I’ve been using Treetop to construct a parser for CQL, a very interesting new development based on restricted natural language. CQL is for data definition and query, and rolls together my natural language approach with concepts from ORM, SBVR, Prolog, and the Web Ontology Language OWL. But I don’t present that language here.

If you’re interested in Treetop, you can download the 23MB MP3 audio file and the PDF of my presentation slides. The example code and driver program are also available.

Out of Vietnam, Part 2

posted by cjh, 15 November 2007

I talked about how we build systems by composing them from elements, not by decomposing monolithic “problem statements”. The elements always depict either states, or transitions between states. These two angles are the information perspective and the process perspective. Process steps always transit between legal states, so the set of legal states must be defined first. It’s not that information is pre-eminent, but it does tend to lead rather than lag the rest of the design. So here I’m focusing on the information part of our design.

Now, we need to build up an overall aggregate picture of what things our system can describe, and what it needs to know about those things. The picture is made of many small elements, and many small constraints on the ways they interact. The sum of these small things forms our conceptual model - they reflect the way we and our clients think about their problem, not its solution. To store them however, we need to group them together for efficient management. That’s what we’re doing when we’re building a database design - writing down all the things that the system needs to know, in a way that will be efficient to manage. There are two goals here: manage all the elements and their interactions without losing track of any, and produce an aggregate structure that is efficient. These goals work against one another.

When we’re done, if we’ve done a good job, we have a normalised database design. “Normalised” basically just means that it provides only one way to represent any of the elementary facts, so that you can’t have two versions that disagree. But there’s another property of normalised data that causes problems: any one “thing” will only have one record, and all facts about that thing for which there is only one value at a given time are stored in that record. This aggregation is a fine principle for creating efficient physical storage structures, but the aggregation leaks into our code.

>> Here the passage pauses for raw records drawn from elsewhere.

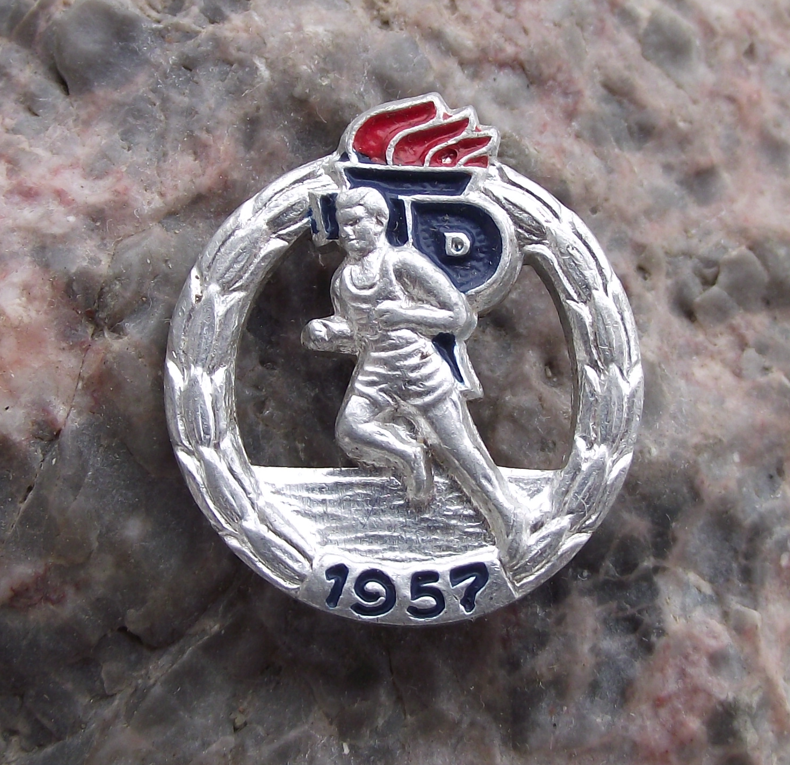 1957 Thalmann Pioneer East Germany Youth Athletics Runner Award Pin Badge
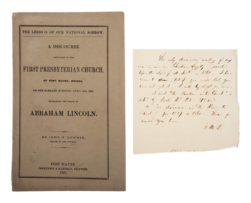 [LINCOLN, Abraham (1809-1865)]. LOWRIE, John M. (1817-1867). The Lessons of Our National Sorrow. Fort Wayne, IN: Jenkinson & Hartman, 1865.
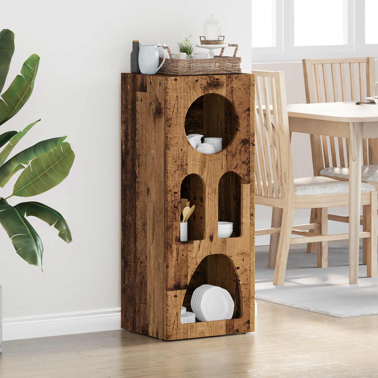 - Materiali: Realizzata in legno ingegnerizzato resistente, questa credenza offre qualità e durata nel tempo. Il materiale resiste all'usura quotidiana, mantenendo la sua superficie liscia e il suo aspetto elegante. È la scelta ideale per chi cerca affidabilità senza rinunciare allo stile.
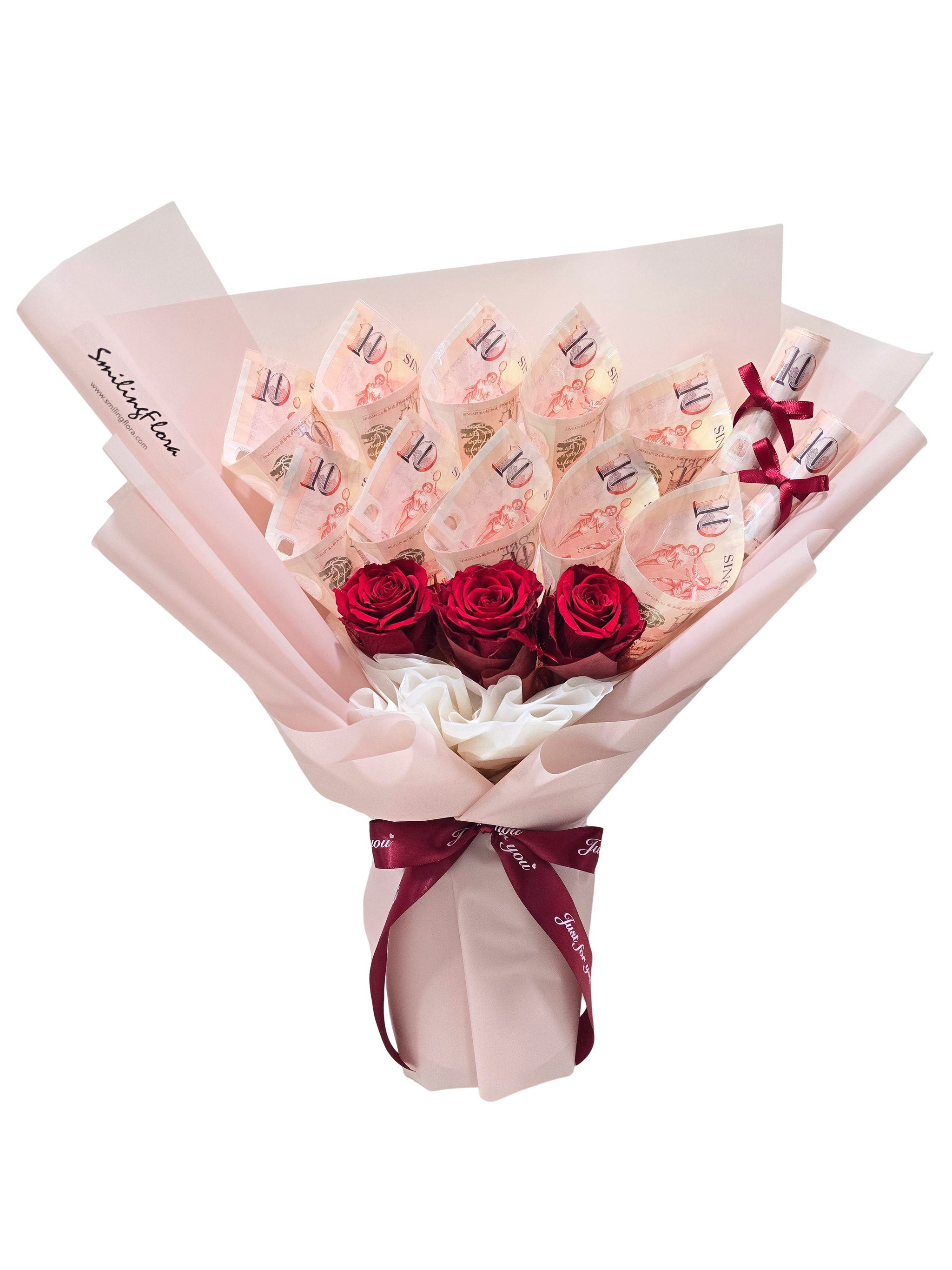 Money Bouquet with Preserved Roses
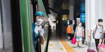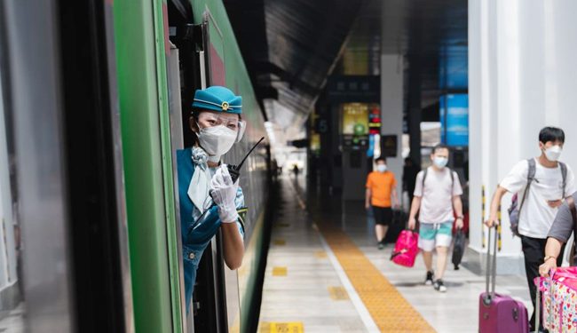 A stewardess of China Railway Kunming Bureau Group Co., Ltd. works on a bullet train in Kunming Railway Station in Kunming, capital of southwest China’s Yunnan Province.
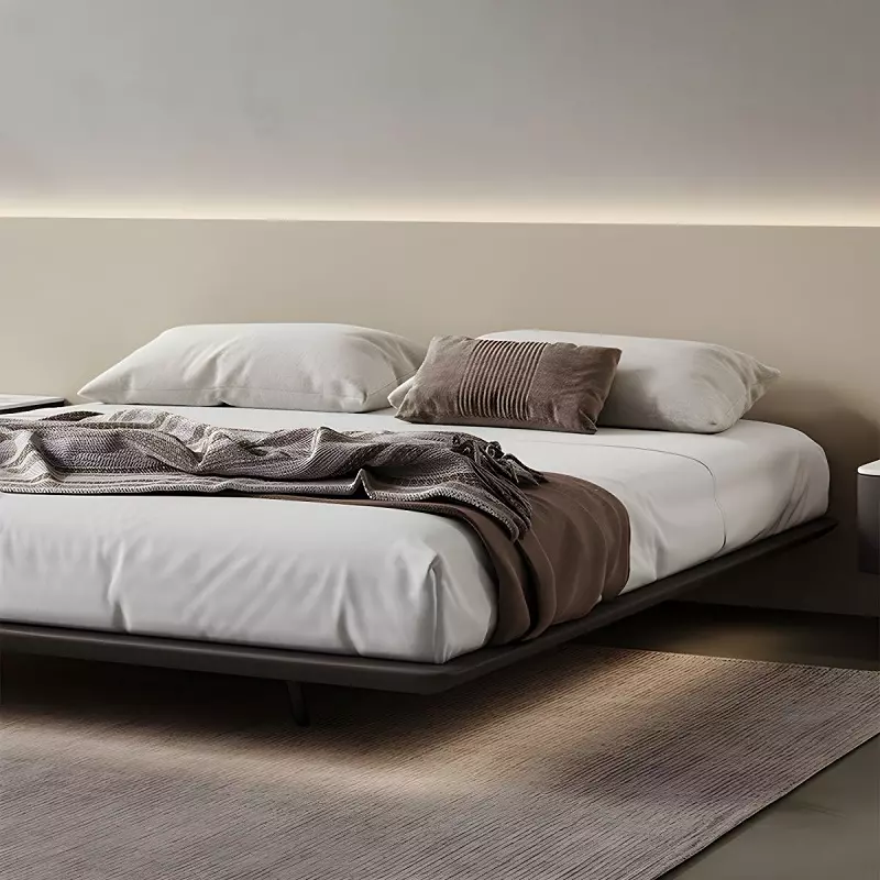 Modern hanging bed with downlights. Looking for a stylish and contemporary bed that will add a touch of beauty to your bedroom? Here's a modern hanging bed from the distinguished Master Room store. This bed features a unique design that combines elegance and functionality, making it an ideal piece of furniture for any bedroom.

When we query the data using SQL, there’s one way of accessing a fact that has only one value for each thing - the column - and there’s another completely different and somewhat difficult way of accessing facts that have more than one value for each thing - the join. SQL forces the direct use of the physical database model, while at the same time hiding the true domain model which is present in the elementary form. This prevents the domain expert from properly engaging in verifying the model and ensures communication problems because of the translation and interpretation required.

Being bound to the physical model also tragically limits the agility (evolution) of applications because the physical model is always more unstable than the conceptual model. The mere number of values (or other things) related to a thing in a given fact relationship should be a minor detail, yet it completely controls the physical model. When a requirement changes in tiny ways, we can sometimes end up needing to do a major restructure of the database, potentially across many tables.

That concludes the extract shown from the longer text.